Stored entries
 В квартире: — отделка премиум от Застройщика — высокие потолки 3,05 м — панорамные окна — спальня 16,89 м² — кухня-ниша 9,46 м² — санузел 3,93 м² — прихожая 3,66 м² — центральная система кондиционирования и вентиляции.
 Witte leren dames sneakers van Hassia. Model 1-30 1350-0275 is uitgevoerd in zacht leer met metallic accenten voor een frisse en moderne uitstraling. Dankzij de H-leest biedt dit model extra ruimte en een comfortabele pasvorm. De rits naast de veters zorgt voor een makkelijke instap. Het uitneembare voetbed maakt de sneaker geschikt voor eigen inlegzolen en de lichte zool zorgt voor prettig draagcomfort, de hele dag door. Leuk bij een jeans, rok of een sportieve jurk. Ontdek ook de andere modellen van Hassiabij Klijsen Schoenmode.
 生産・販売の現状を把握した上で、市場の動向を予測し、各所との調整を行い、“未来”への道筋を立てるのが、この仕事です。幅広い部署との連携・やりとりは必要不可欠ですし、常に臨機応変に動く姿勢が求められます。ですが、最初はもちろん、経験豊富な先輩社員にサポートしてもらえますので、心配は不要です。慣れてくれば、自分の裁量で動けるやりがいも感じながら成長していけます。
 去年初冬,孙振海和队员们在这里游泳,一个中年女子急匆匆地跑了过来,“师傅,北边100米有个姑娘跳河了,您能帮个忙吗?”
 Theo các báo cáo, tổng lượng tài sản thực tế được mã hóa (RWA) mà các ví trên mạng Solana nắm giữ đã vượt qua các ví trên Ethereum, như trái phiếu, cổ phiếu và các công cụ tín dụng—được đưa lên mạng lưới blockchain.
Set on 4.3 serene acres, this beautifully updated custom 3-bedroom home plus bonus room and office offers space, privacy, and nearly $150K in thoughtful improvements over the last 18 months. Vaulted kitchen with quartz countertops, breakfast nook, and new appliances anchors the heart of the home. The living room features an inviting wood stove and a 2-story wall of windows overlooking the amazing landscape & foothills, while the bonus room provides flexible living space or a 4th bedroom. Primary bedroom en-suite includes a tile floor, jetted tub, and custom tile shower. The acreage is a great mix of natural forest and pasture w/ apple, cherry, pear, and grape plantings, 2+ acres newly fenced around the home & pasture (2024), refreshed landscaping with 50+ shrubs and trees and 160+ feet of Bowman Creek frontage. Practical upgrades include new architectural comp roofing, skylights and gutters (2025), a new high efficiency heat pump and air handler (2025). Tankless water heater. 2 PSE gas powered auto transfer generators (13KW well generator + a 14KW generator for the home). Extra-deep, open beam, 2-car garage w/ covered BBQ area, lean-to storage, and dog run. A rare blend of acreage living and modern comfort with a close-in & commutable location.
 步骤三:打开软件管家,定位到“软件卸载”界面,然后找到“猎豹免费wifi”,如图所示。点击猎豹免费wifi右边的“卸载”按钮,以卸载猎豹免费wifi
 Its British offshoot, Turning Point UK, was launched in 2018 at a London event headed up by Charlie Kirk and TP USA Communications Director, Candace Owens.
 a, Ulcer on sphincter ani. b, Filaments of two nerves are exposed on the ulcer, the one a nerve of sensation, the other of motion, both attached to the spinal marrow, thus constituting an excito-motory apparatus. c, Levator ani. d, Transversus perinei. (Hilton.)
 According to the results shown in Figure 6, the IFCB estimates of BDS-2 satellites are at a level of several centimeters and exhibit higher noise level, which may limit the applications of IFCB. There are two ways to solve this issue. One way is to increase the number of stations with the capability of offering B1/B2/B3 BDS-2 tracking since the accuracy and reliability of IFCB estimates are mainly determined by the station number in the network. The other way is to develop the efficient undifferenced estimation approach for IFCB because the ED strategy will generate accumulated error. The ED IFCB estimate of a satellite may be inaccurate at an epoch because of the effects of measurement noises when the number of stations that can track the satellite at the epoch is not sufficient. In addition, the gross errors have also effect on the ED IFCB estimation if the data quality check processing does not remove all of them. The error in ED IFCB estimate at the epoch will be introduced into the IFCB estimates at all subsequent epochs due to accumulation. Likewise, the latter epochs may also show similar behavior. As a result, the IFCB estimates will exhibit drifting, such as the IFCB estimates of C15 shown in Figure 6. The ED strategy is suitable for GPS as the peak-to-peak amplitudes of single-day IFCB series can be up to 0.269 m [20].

Task instructions
Please output exactly the lines between the one holding "去年初冬,孙振海和队员们在这" and the one holding "Theo các báo" in the records above, inclusive, and nothing more.

Solved problem
 去年初冬,孙振海和队员们在这里游泳,一个中年女子急匆匆地跑了过来,“师傅,北边100米有个姑娘跳河了,您能帮个忙吗?”
 Theo các báo cáo, tổng lượng tài sản thực tế được mã hóa (RWA) mà các ví trên mạng Solana nắm giữ đã vượt qua các ví trên Ethereum, như trái phiếu, cổ phiếu và các công cụ tín dụng—được đưa lên mạng lưới blockchain.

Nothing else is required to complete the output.